Your task is to extract every entry that follows word for word while excluding the pictures.

------

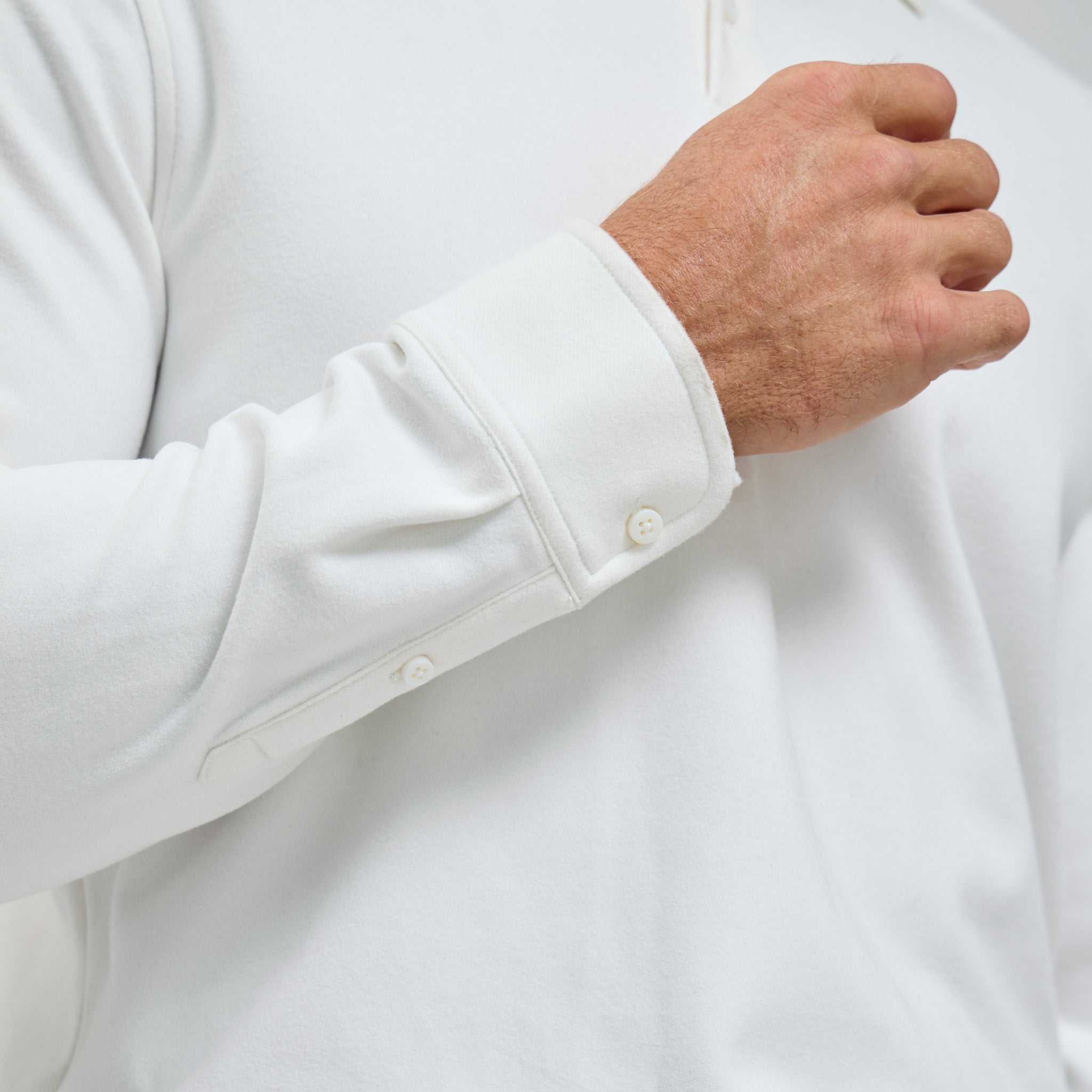 The Braden Tech Wool Sleeve Polo is a modern take on a classic silhouette. Crafted in a medium-weight knit, it features tailored shirt cuffs for a refined finish. Designed to balance structure and ease, this polo transitions effortlessly from workdays to evenings.
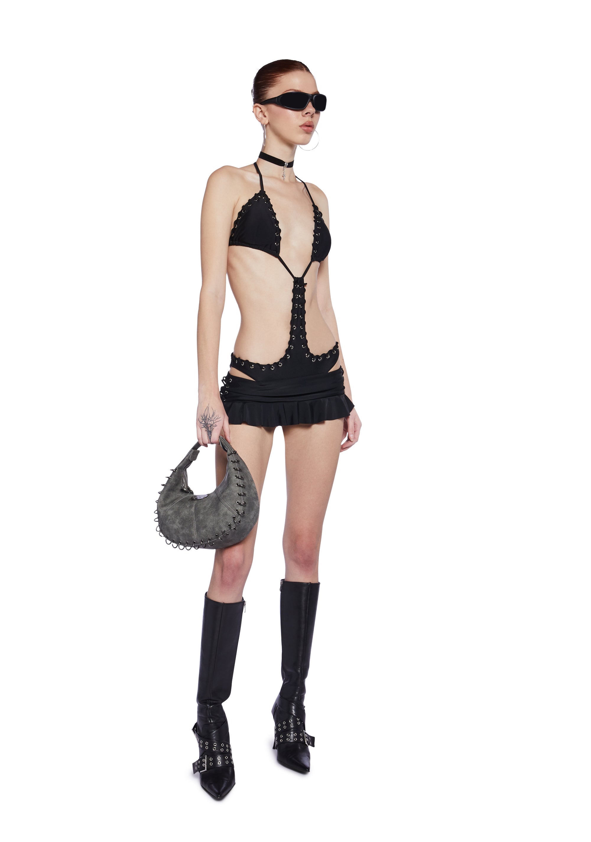 cuz make that turn on the catwalk. This monokini has a grommet and lace up design, a halter neckline, adjustable back tie closures, and comes with a removable pleated micro mini skirt with adjustable lace-ups on the sides.
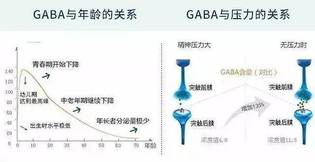 随着年龄和压力的与日俱增,人体自然分泌的GABA会越来越少。 当我们大脑GABA不足,就会出现,焦虑、疲惫、不安等情绪。(这个时候就需要额外补充)
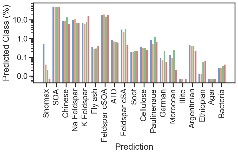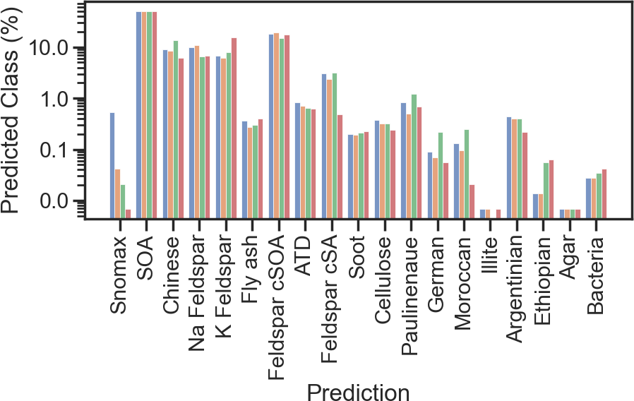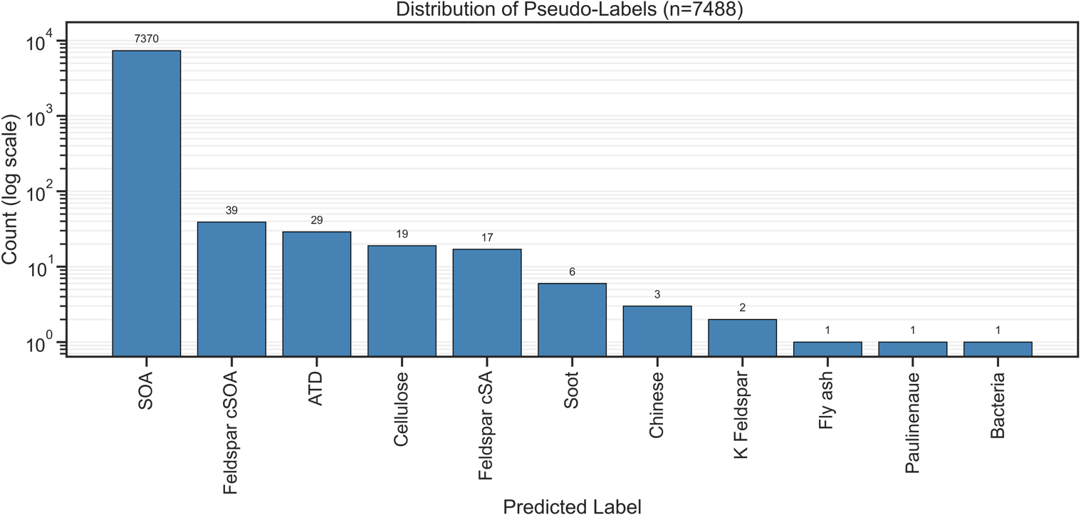 A subset of experiments was conducted as blind studies in which unknown particle mixtures (α-pinene SOA, Argentinian soil dust, and graphite soot across two distinct periods) were introduced to the APC chamber, and instrument teams analyzed the data independently without prior knowledge of chamber contents (Shen et al., 2024). These blind experiments yielded 14 478 unlabeled mass spectra that follow identical formatting and preprocessing steps as the labeled data but lack definitive aerosol type assignments. This unlabeled portion serves as training data for semi-supervised learning. The unlabeled dataset comprised 14 478 single-particle spectra collected under the same acquisition parameters as the labeled reference set. The chemical composition of this unlabeled pool is unknown a priori. For transparency, we applied all four models to the unlabeled spectra to obtain the percentage of spectra assigned to a given class (Fig. A4). The distribution of labels on this subset are reported only for diagnostic purposes and were not used as ground truth in model training.
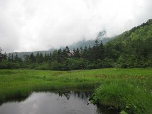 <湿原の中央にあるベンチからの眺め。ガスがかかっていなければ、白馬乗鞍岳や白馬岳を望めます。中央に見えるのは早大小屋。この神の田圃は第2種特別地域に指定されています。>
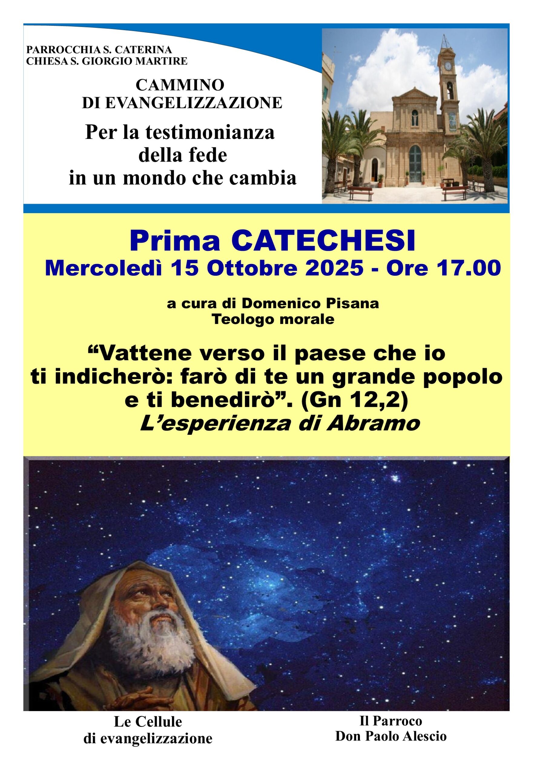 La prima catechesi del cammino avrà come oggetto l’esperienza di Abramo e i versetti biblici di Gn 12,2: “Vattene verso il paese che io ti indicherò: farò di te un grande popolo e ti benedirò”.
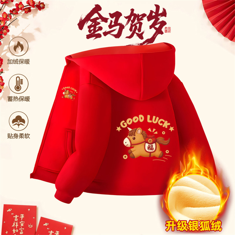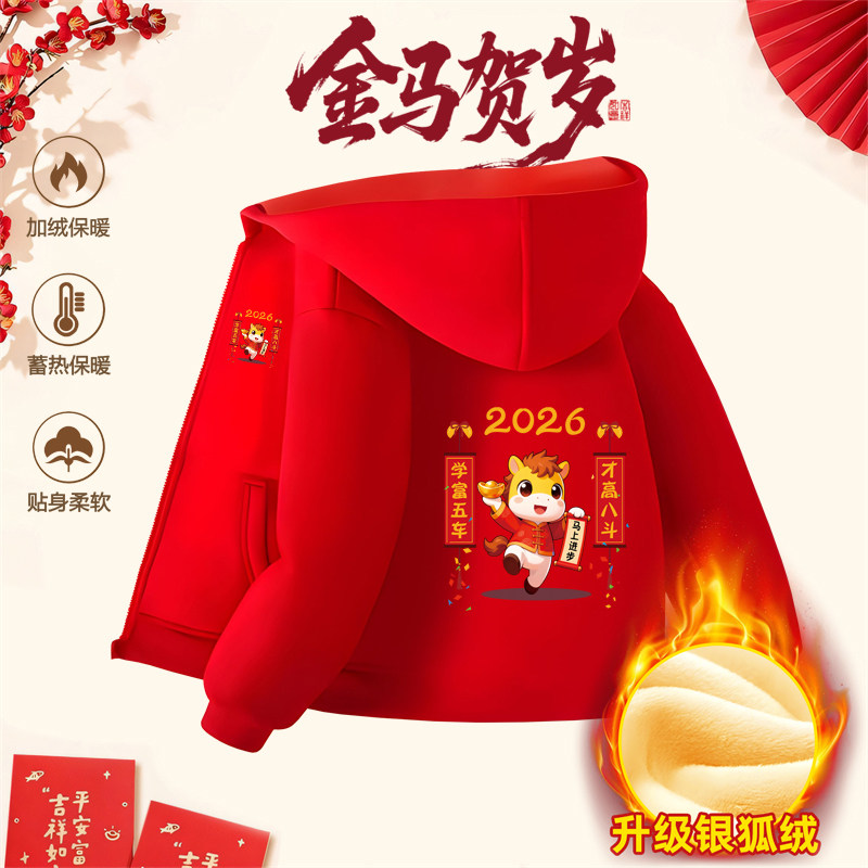 男童马年外套加绒2026拉链红色中大儿童新年开衫拜年新款女童
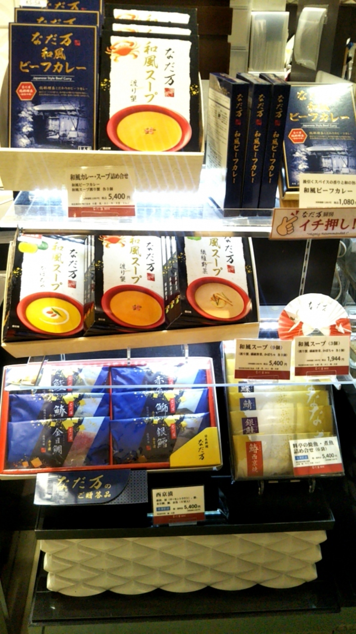 東京 日本橋の日本橋三越本店本館 B1Fに「なだ万厨房 日本橋三越本店」が出店しています。なだ万のレトルト食品も販売されていて、なだ万ビーフカレーやなだ万和風スープなどがあり、贈答品としても人気があります。
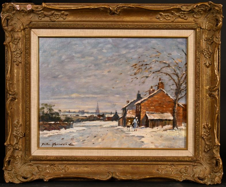 John Hammond Harwood (1904-1980), British, figures walking in the snow at dusk with a church beyond, oil on canvas, signed, 12" x 16".

------

— Problem solution —
 The Braden Tech Wool Sleeve Polo is a modern take on a classic silhouette. Crafted in a medium-weight knit, it features tailored shirt cuffs for a refined finish. Designed to balance structure and ease, this polo transitions effortlessly from workdays to evenings.
 cuz make that turn on the catwalk. This monokini has a grommet and lace up design, a halter neckline, adjustable back tie closures, and comes with a removable pleated micro mini skirt with adjustable lace-ups on the sides.
 随着年龄和压力的与日俱增,人体自然分泌的GABA会越来越少。 当我们大脑GABA不足,就会出现,焦虑、疲惫、不安等情绪。(这个时候就需要额外补充)
 A subset of experiments was conducted as blind studies in which unknown particle mixtures (α-pinene SOA, Argentinian soil dust, and graphite soot across two distinct periods) were introduced to the APC chamber, and instrument teams analyzed the data independently without prior knowledge of chamber contents (Shen et al., 2024). These blind experiments yielded 14 478 unlabeled mass spectra that follow identical formatting and preprocessing steps as the labeled data but lack definitive aerosol type assignments. This unlabeled portion serves as training data for semi-supervised learning. The unlabeled dataset comprised 14 478 single-particle spectra collected under the same acquisition parameters as the labeled reference set. The chemical composition of this unlabeled pool is unknown a priori. For transparency, we applied all four models to the unlabeled spectra to obtain the percentage of spectra assigned to a given class (Fig. A4). The distribution of labels on this subset are reported only for diagnostic purposes and were not used as ground truth in model training.
 <湿原の中央にあるベンチからの眺め。ガスがかかっていなければ、白馬乗鞍岳や白馬岳を望めます。中央に見えるのは早大小屋。この神の田圃は第2種特別地域に指定されています。>
 La prima catechesi del cammino avrà come oggetto l’esperienza di Abramo e i versetti biblici di Gn 12,2: “Vattene verso il paese che io ti indicherò: farò di te un grande popolo e ti benedirò”.
 男童马年外套加绒2026拉链红色中大儿童新年开衫拜年新款女童
 東京 日本橋の日本橋三越本店本館 B1Fに「なだ万厨房 日本橋三越本店」が出店しています。なだ万のレトルト食品も販売されていて、なだ万ビーフカレーやなだ万和風スープなどがあり、贈答品としても人気があります。
 John Hammond Harwood (1904-1980), British, figures walking in the snow at dusk with a church beyond, oil on canvas, signed, 12" x 16".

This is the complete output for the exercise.